# [What is expected]
Copy exactly the lines from the first line of the records below through the line containing "龙瞎海克斯鳄鱼薇恩各种至臻皮肤IG限定皮肤基本每个英雄都有两三个皮肤皮肤很多", including both, and nothing else.

# [Data for this exercise]
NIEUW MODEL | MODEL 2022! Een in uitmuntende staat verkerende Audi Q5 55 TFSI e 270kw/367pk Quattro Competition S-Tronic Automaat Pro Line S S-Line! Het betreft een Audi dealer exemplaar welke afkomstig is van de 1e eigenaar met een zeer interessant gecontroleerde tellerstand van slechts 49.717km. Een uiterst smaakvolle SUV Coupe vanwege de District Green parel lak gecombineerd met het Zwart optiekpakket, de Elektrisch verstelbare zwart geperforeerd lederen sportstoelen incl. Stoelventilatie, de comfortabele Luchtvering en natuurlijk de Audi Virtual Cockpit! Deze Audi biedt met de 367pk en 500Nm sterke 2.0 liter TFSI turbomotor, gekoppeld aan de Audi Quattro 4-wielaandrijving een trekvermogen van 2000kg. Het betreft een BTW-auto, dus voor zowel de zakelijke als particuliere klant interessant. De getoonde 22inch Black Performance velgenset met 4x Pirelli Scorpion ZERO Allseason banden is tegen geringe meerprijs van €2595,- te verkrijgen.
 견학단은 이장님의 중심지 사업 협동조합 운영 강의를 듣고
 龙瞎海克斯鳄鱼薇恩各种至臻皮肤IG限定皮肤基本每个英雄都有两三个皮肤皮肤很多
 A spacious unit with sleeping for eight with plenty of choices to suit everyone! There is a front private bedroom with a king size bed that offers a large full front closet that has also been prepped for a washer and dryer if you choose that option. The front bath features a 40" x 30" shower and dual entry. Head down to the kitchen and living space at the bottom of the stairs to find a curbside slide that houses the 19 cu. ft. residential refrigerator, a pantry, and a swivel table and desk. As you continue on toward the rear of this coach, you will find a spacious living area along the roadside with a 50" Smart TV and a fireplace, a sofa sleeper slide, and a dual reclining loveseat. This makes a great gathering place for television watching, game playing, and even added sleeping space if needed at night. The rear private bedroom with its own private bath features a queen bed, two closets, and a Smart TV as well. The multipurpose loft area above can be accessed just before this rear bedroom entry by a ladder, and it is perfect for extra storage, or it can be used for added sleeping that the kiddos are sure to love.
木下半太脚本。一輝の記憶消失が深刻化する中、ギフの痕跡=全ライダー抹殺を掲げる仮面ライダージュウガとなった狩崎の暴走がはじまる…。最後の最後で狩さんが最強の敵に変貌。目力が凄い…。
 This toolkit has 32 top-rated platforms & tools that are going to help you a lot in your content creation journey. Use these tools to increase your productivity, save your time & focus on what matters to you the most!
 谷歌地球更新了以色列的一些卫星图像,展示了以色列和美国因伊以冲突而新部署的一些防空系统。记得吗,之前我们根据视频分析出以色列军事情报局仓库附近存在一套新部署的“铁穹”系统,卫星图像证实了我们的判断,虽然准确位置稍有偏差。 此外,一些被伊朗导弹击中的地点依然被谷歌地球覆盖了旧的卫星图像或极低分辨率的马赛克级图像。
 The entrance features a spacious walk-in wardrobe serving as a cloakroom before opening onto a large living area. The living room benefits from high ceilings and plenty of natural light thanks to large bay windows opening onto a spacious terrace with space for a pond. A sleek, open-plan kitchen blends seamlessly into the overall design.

# [Response area]
NIEUW MODEL | MODEL 2022! Een in uitmuntende staat verkerende Audi Q5 55 TFSI e 270kw/367pk Quattro Competition S-Tronic Automaat Pro Line S S-Line! Het betreft een Audi dealer exemplaar welke afkomstig is van de 1e eigenaar met een zeer interessant gecontroleerde tellerstand van slechts 49.717km. Een uiterst smaakvolle SUV Coupe vanwege de District Green parel lak gecombineerd met het Zwart optiekpakket, de Elektrisch verstelbare zwart geperforeerd lederen sportstoelen incl. Stoelventilatie, de comfortabele Luchtvering en natuurlijk de Audi Virtual Cockpit! Deze Audi biedt met de 367pk en 500Nm sterke 2.0 liter TFSI turbomotor, gekoppeld aan de Audi Quattro 4-wielaandrijving een trekvermogen van 2000kg. Het betreft een BTW-auto, dus voor zowel de zakelijke als particuliere klant interessant. De getoonde 22inch Black Performance velgenset met 4x Pirelli Scorpion ZERO Allseason banden is tegen geringe meerprijs van €2595,- te verkrijgen.
 견학단은 이장님의 중심지 사업 협동조합 운영 강의를 듣고
 龙瞎海克斯鳄鱼薇恩各种至臻皮肤IG限定皮肤基本每个英雄都有两三个皮肤皮肤很多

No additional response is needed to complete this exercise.